README.Rmd

---
title: "LinkPrediction"
author: "Gregorio Alanis-Lobato"
date: false
output: rmarkdown::github_document
---

Implementation of different classes of link predictors and methods to assess and 
visualise their performance.

# Introduction

Complex systems can be represented by graphs $G(V, E)$, where $E$ is the set of
interactions (edges) between a set $V$ of system components (nodes). Link 
predictors assign likelihood scores of interaction to all node pairs that are
disconnected in the observable network topology. These scores can lead to the
prediction of future friendships in a social network or future direct flights 
between cities in an airport transportation network.

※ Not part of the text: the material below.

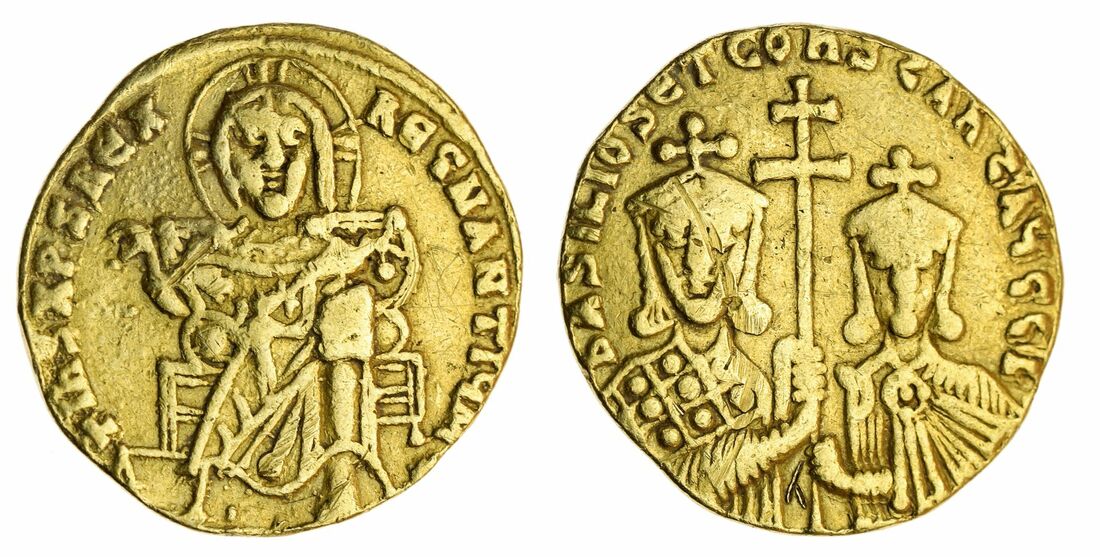 Byzantine Empire, Basil I with Constantine (867-886) AV Solidus, IhS XPS REX REGNANTIUM*, Christ Pantokrator enthroned facing rev. bASILIOS ET COhSTANT AVGG b, crowned facing busts of Basil, with short beard and loros, and Constantine, beardless and wearing chlamys, holding patriarchal cross between them, 4.33g (SB 1704), slightly softened on a short flan but lustrous, very fine

To assess the performance of link predictors, one normally removes an increasing
number of edges $E^R \subset E$ from the network of interest, applies a link 
prediction method to the pruned network and evaluates its performance with one 
of the following metrics:

- `recall_at_k`: Reports of the fraction of candidate links with the $|E^R|$ 
highest likelihood scores that are in $E^R$ (Recall at $k$, where $k = |E^R|$).
- `aupr`: The area under the Precision-Recall curve.
- `auroc`: The area under the Receiving Operating Characteristic curve.
- `avg_prec`: The average Precision at the point where Recall reaches its 
maximum value of 1.

`LinkPrediction` implements the following classes of link prediction techniques:

- Neighbourhood-based predictors, which assign high likelihood scores to node 
pairs that share many neighbours (`lp_cn`, `lp_pa`, `lp_jc`, `lp_dice`, `lp_aa`,
`lp_ra` and `lp_l3`).
- CAR-based predictors, which assign high likelihood scores to node pairs that 
share many neighbours that also interact with themselves (`lp_car`, `lp_cpa`, 
`lp_caa` and `lp_cra`).
- Embedding-based methods rank non-adjacent nodes through distances on a network 
projection in two-dimensional Euclidean space (`lp_isomap`, `lp_leig`, and 
`lp_mce`).
- The Hierarchical Random Graph method, which searches the space of all possible
dendrograms of a network for the ones that best fit its hierarchical structure. 
Non-adjacent node pairs that have high average probability of being connected 
within these dendrograms are considered good candidates for interaction 
(`lp_hrg`).
- The Structural Perturbation Method, which is based on the hypothesis that 
links are predictable if removing them has only small effects on network 
structure (`lp_spm`).

In addition, `LinkPrediction` includes function `lp_matrix` and `get_non_edges`,
which are key to extend the package with other link prediction approaches (more 
on this below).

Finally, the performance of these link predictors on a network of interest can
be assessed and visualised with functions `prune_recover` (which computes all 
the above-mentioned evaluation metrics) and `plot_lp_performance`.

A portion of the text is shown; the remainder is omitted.